At present, the Government of British Columbia has not yet introduced a bill seeking to implement any of these proposed reforms.
The Ministry of Service Alberta solicited feedback on privacy legislative reform in the summer of 2021 and conducted targeted focus groups in the fall of that year. However, the Province has not yet introduced a bill reforming the Personal Information Protection Act [PDF].
The Government of Ontario initiated a consultation regarding the development of a comprehensive private sector privacy law in 2020 and published a white paper on the subject in 2021. However, there has been no further progress towards legislative reform following the provincial election in June 2022.

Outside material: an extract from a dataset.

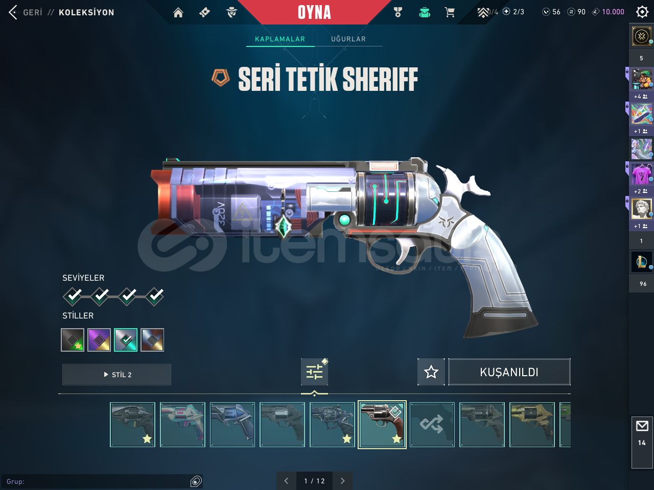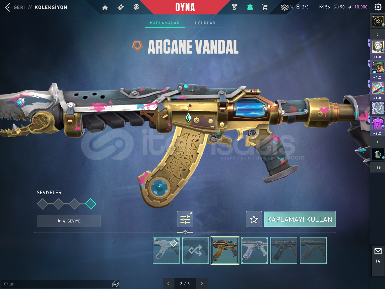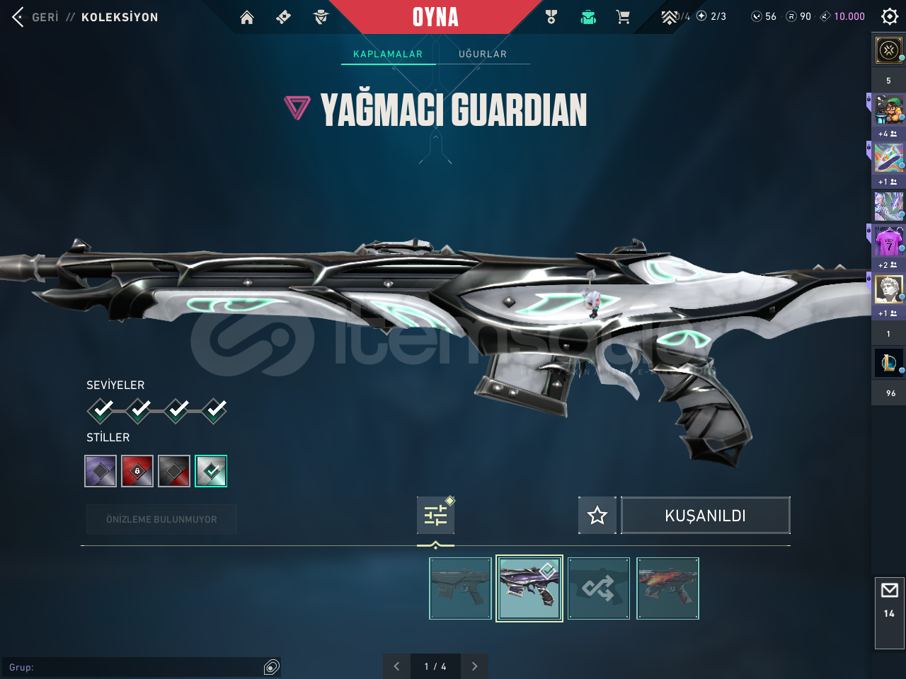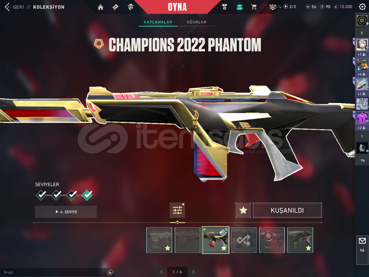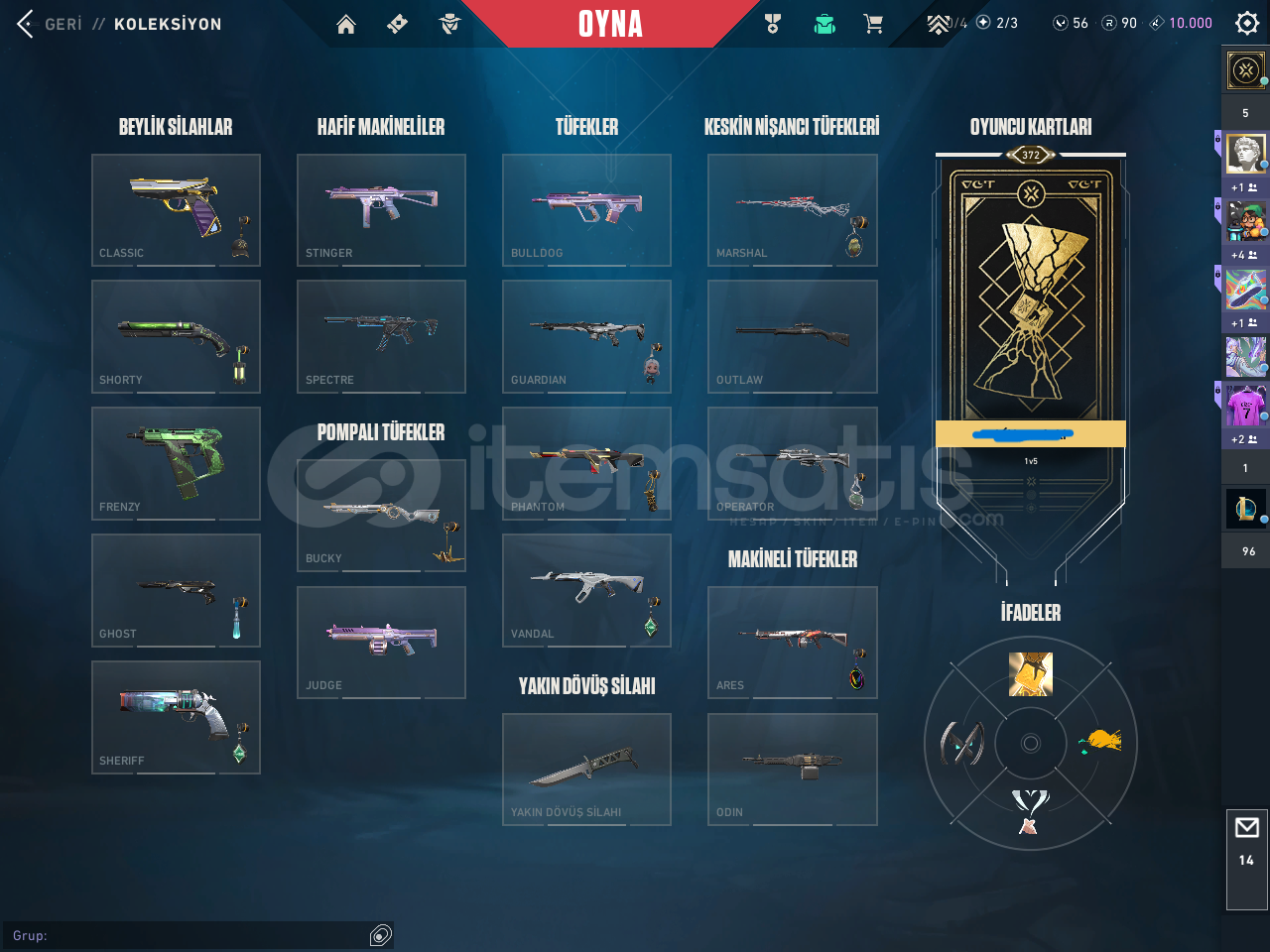 Hesapta Champions 2022 ve arcane seti mevcutturBıçaklar:Rgx Karambit Uzaylı avcısı bıçağı Arcane eldiven Champions 2022 kelebekVandal: Evori vandal Kaos vandal İyon vandal Arcane vandalPhantom:Özel harekat phantom Champions 2022 phantom champions 2024 phantomSherrif:Seri tetik sherrif protokol sherrif yağmacı sherrifClassic: Asil classicGhost:Ulupençe ghostGuardian:Yağmacı GuardianOperator:Yağmacı Ope...

In addition, the Government of Ontario introduced a new transparency requirement in April 2022, when the provincial Employment Standards Act was amended to provide that Ontario-based organizations with more than 25 employees must implement an electronic employee monitoring policy. The Information and Privacy Commissioner of Ontario has stated that, while these amendments are a good first step to help Ontarians understand their employers’ practices, workplace electronic monitoring should be governed by comprehensive provincial private sector privacy legislation. Additional information regarding the electronic monitoring policies is included in our Labour and Employment article.
What to expect in 2023
Continued major changes to the Canadian federal and provincial privacy landscape are likely forthcoming next year. Given the significant compliance costs and the threat of severe monetary fines in the future (most imminently in Québec), we encourage all companies to proactively consider the new and pending changes and to plan for their implementation.